Radioembolization therapy is administered with irradiating microspheres called Yttrium-90 (Y-90) into the artery feeding liver cancer and is a newer treatment method than chemoembolization.

 

This method, which is mostly used in liver cancers, is performed with angiography, just like chemoembolization treatment. However, it is not yet used in the treatment of other types of cancer.

 

Radioembolization therapy is generally applied among the last options in the group of patients who cannot be treated surgically and who have not benefited from standard chemotherapy.

 

Since the drugs used in the chemoembolization process are limited, some tumors do not respond to these drugs and the drugs become ineffective.  

 

In the radioembolization process, very small diameter particles (microspheres) that emit radiation directly, not drugs, are given with angiography. 

 

Radiation is applied in the 5 mm area around the vein where these globules are given.   

 

Tens of thousands of these microspheres are injected into the tumor tissue. Since its area of ​​influence is very limited, it does not affect any tissue other than the liver. In this treatment method, angiography is performed twice. 

  

First of all, the distribution and volume of the tumor in the liver are calculated by methods such as computed tomography or magnetic resonance imaging.

 

Angiography is performed twice in this method

Radioembolization angio method is defined as a treatment method applied to cancers in the liver, cancers such as large intestine, pancreas, spread to the liver.   

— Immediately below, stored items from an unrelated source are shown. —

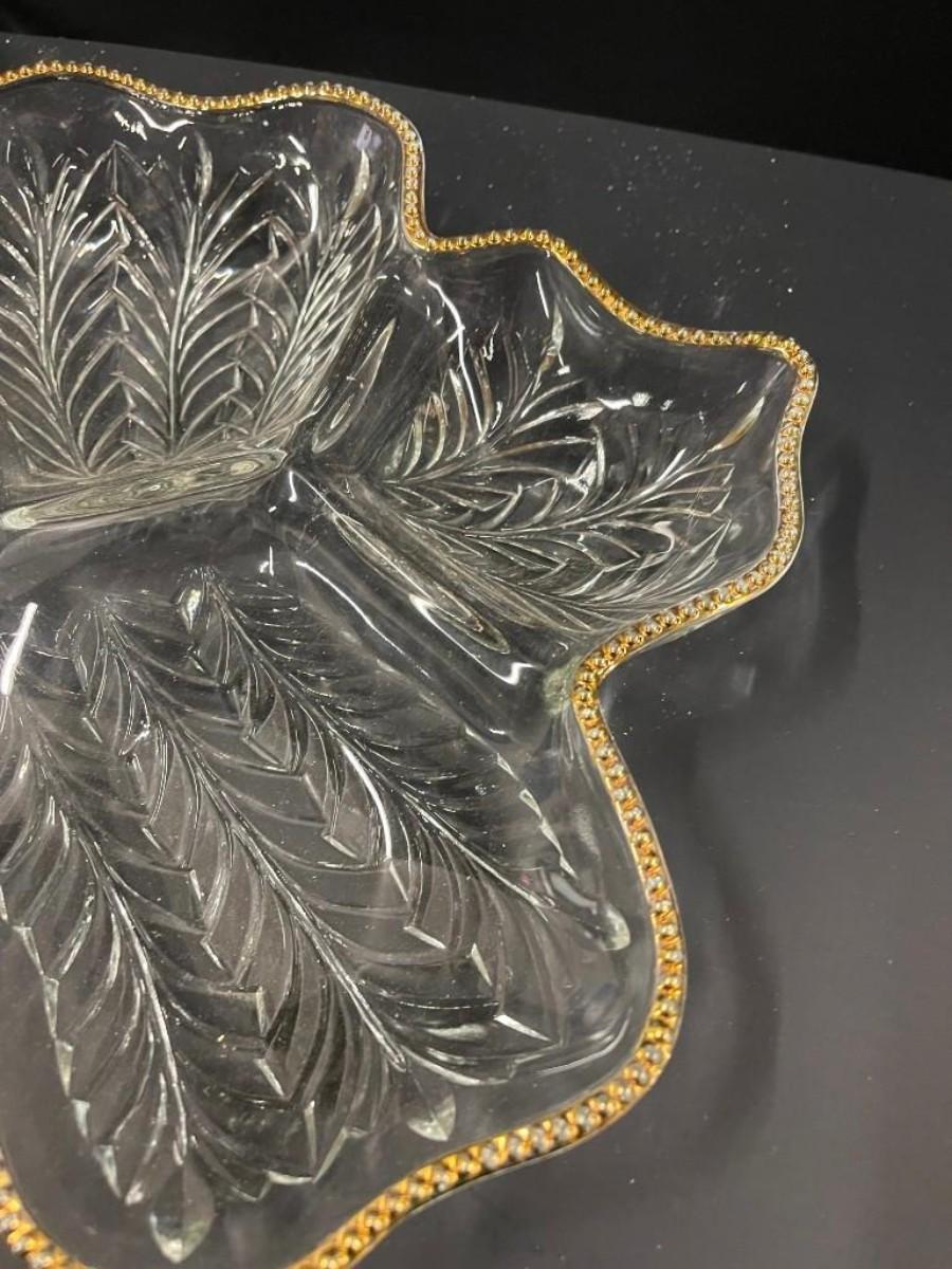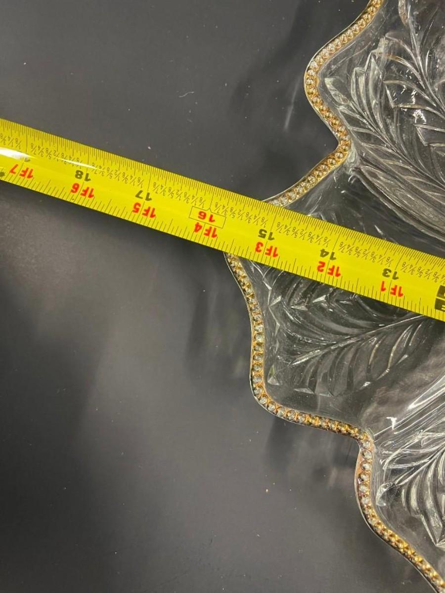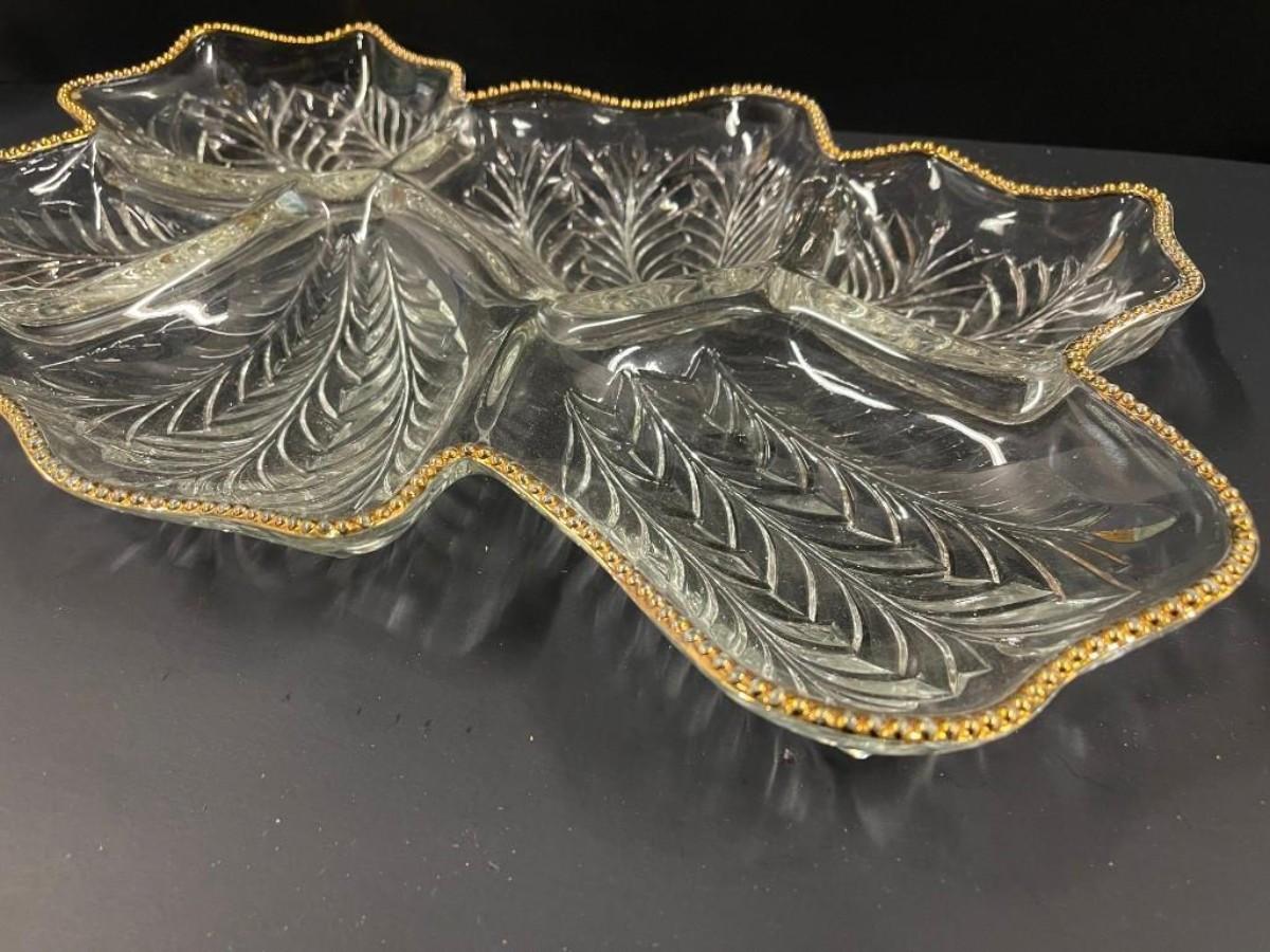Vintage Jeannette Glass Feathered Leaf Shaped Platter. Some wear to the beaded gold rim.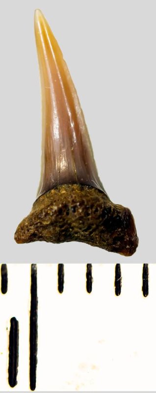 Мелкий боковой зуб с коронкой рыжевато-бежевого цвета, колюще-режущего типа, S-образно изогнутой, с гладким режущим краем. С лингвальной стороны у основания коронки на эмали имеется скульптура в виде слабой продольной струйчатости. Корень бурый, арочный, умеренно массивный, со следами окатанности, левая ветвь утрачена. Имеется одна питательная борозда с лингвальной стороны корня. Добавочные зубцы коронки зуба отсутствуют.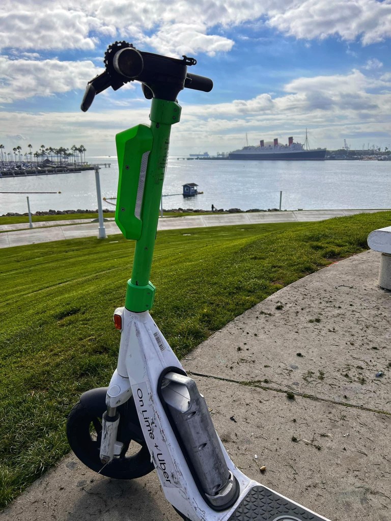 Now , my research had indicated for downtown Long Beach station it was a 40 min walk across a bridge to see Queen Mary , which it turns out is actually a big boat. Of course also knew about the free Passport Bus service that does the loop. Sweet . “ Ah no pal, that service only runs on weekends “. Hmm. Ok set off slowly when saw many Lime scooters . Well why not and scooted off towards bridge . Here is one I prepared earlier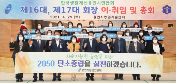 용인시는 29일 처인구 원삼면 농업기술센터 대강당에서 한국생활개선 용인시연합회장 이·취임식이 열렸다고 밝혔다. 한국생활개선 용인시연합회장 이·취임식 한국생활개선 용인시연합회는 여성농업인의 역량개발, 봉사활동, 농촌지역 탄소 저감을 목표로 14개 분과에서 400명이 활발한 활동을 하고 있다. 이날 행사에는 백군기 시장을 비롯해 박선주 제17대 신임회장, 제16대 김경자 회장 등 25명이 참…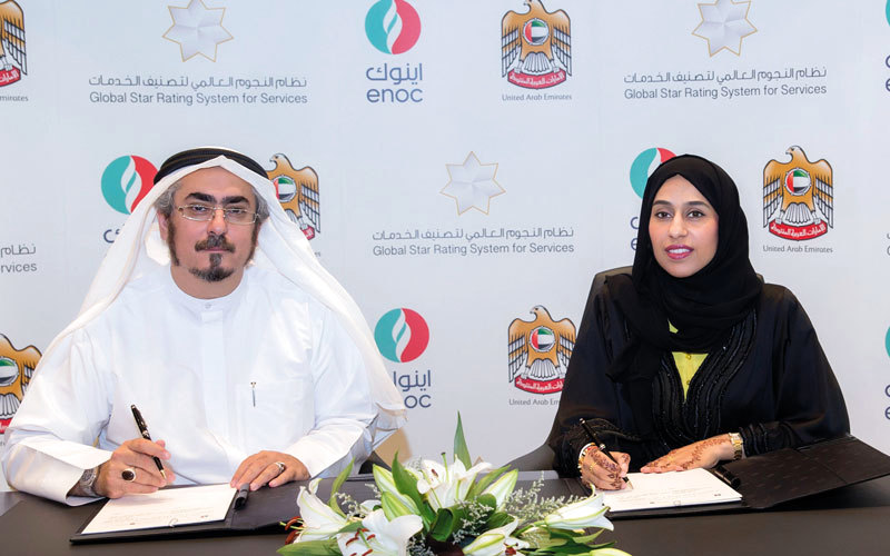 وقع نظام النجوم العالمي لتصنيف الخدمات مذكرة تفاهم مع شركة بترول الإمارات الوطنية «إينوك»، بهدف تعزيز التعاون المشترك وتبادل الخبرات والمعرفة في مجال تطبيق نظام النجوم، بما يسهم في تطوير الخدمات والكفاءات.
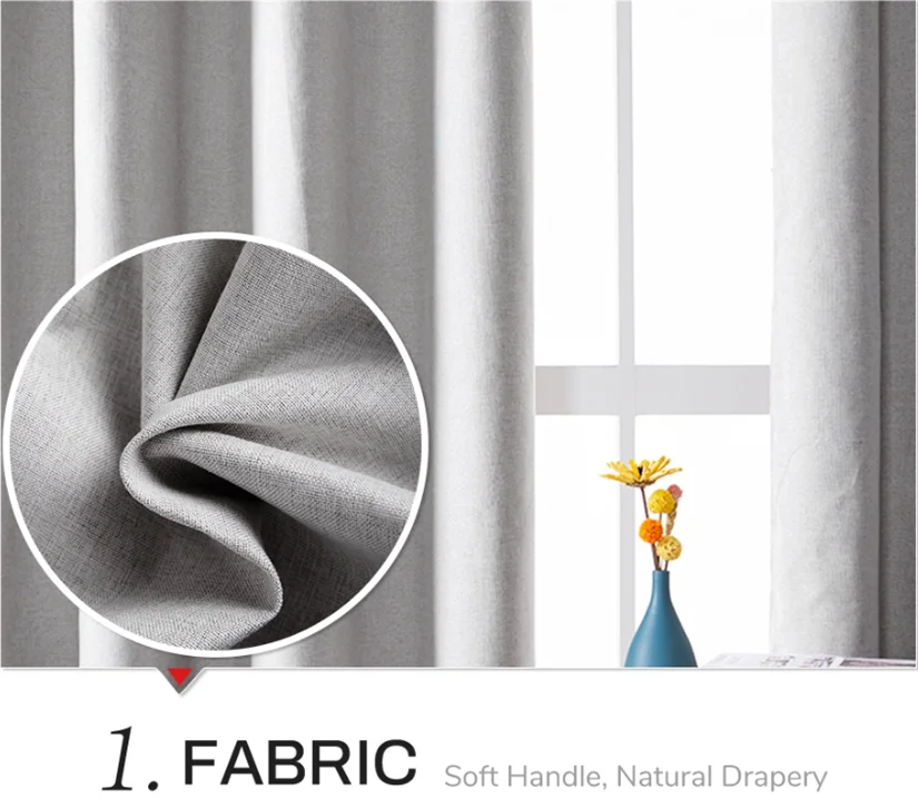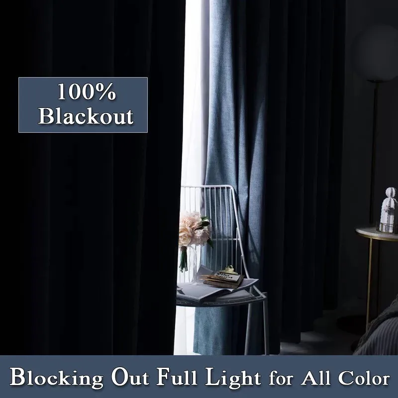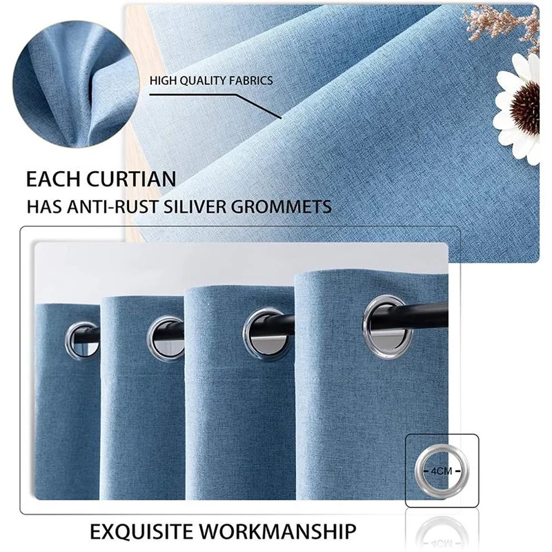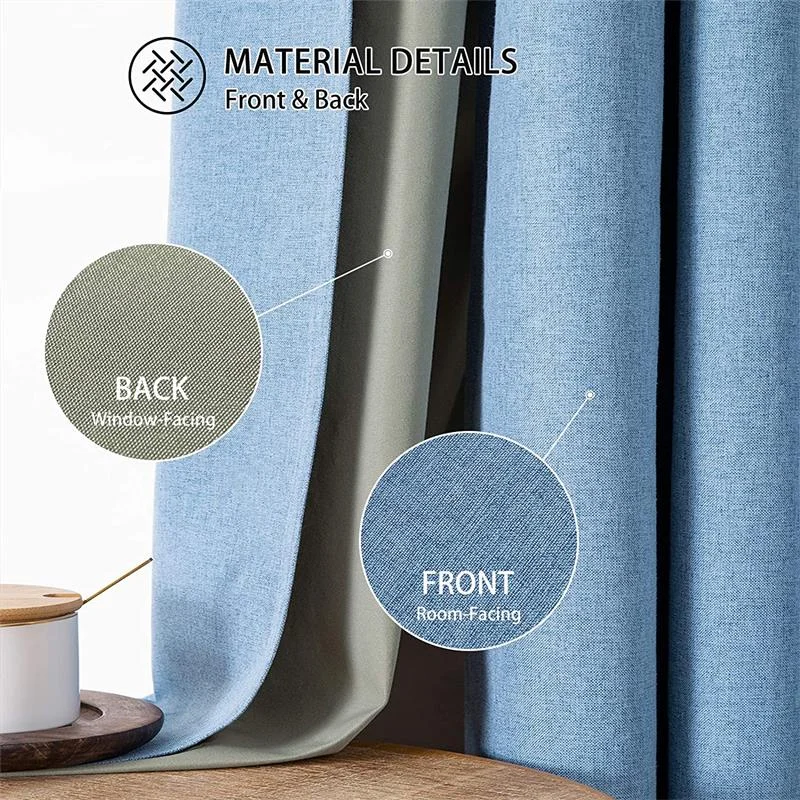 4. Premium Material: Triple weave treatment design with top and back layer of soft faux linen fabric and middle layer of blackout material makes the curtain can reach 100% blackout effect.
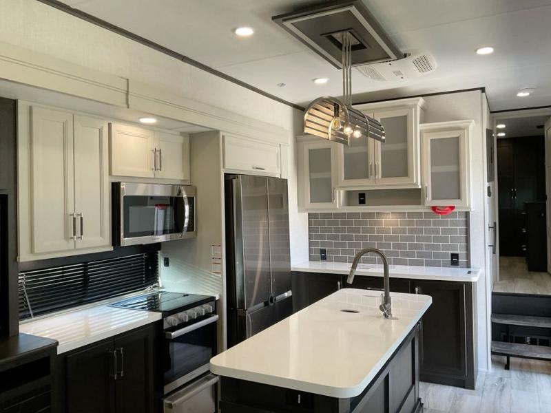 With any Keystone luxury Alpine Avalanche Edition fifth wheel, you will experience wide-body construction that allows you to stretch out and stay awhile during any season thanks to the Polar Pack All Season Protection that includes a heated and enclosed underbelly, an Astro foil reflective layer on the roof, front and rear walls, and two static attic vents, plus more! The interior offers hardwood slide out fascia with wood accents, designer upholstered window valances with custom wood window frame, plus your choice of modern interior design. There are many more Keystone exclusives, like the Tru-Fit slide construction, the in-floor heating ducts, KeyTV™, and much more to bring you a full-packed, luxury fifth wheel!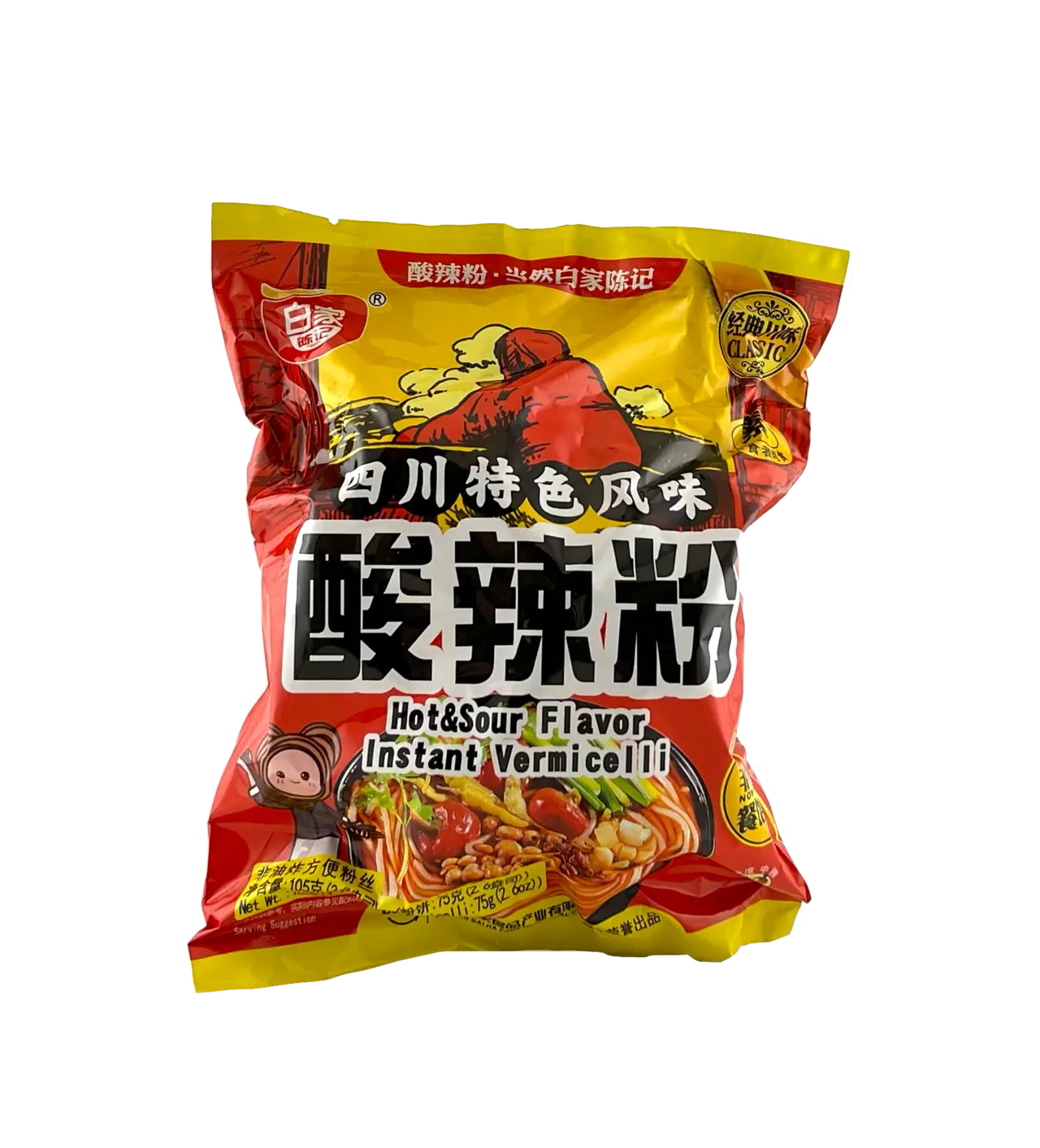 Vermicelli sötpotatisstärkelse, majsstärkelse (sulfit), palmolja, förtjockningsmedel E412, salt, surhetsregulator E330, palmolja, rapsolja, chili, schalottenlök, ingefära, sesam, jästextrakt. Pulversalt, surhetsregulator E330, socker, smakförstärkare E621, E635, vinäger

In the radioembolization procedure, angiography is performed twice, with an interval of 15-20 days. In the first, the entire vascular system of the liver is displayed.   

 

By applying a special test drug to the tumor area, it is monitored how much of these particles are directed to the lungs. If a large amount of particles goes to the lungs, it can be decided not to do the treatment. 

 

In the second angiography to be applied during the treatment, it is expected that 15 days will pass. Since the life of the microspheres used in the treatment is very short, they must be used on the day they are produced.  

 

The second angiography, that is, the treatment angiography, usually takes a shorter time than the first. The hepatic vein is reached with a thin plastic angio catheter by entering through the inguinal vein.   

 

From here, films showing the tumor vessels are taken again. By determining the tumor tissue and the artery feeding it, the radioembolizing substance (radiating particles) prepared during the procedure is given in the vessel feeding the tumor.

It is done with local anesthesia

Since the procedure is performed under local anesthesia like any angiography, the patient does not feel pain.   

 

Since angiography is performed only twice, it needs to be applied approximately 15-20 days apart. The first angiography is called preparatory angiography, and the second is called treatment angiography.   

 

Each of these procedures, together with the stages of local anesthesia, both angiograms are easy and comfortable procedures for the patient. Each of these procedures takes 45-60 minutes.   

 

After the first angiography, patients can go home the same day. After the second angiography, it is usually necessary to stay in the hospital for one day.Tedaviden sonra bir ya da ikinci ayda PET tomografi, tomografi ya da emar görüntüleme ile kontroller yapılması gerekiyor.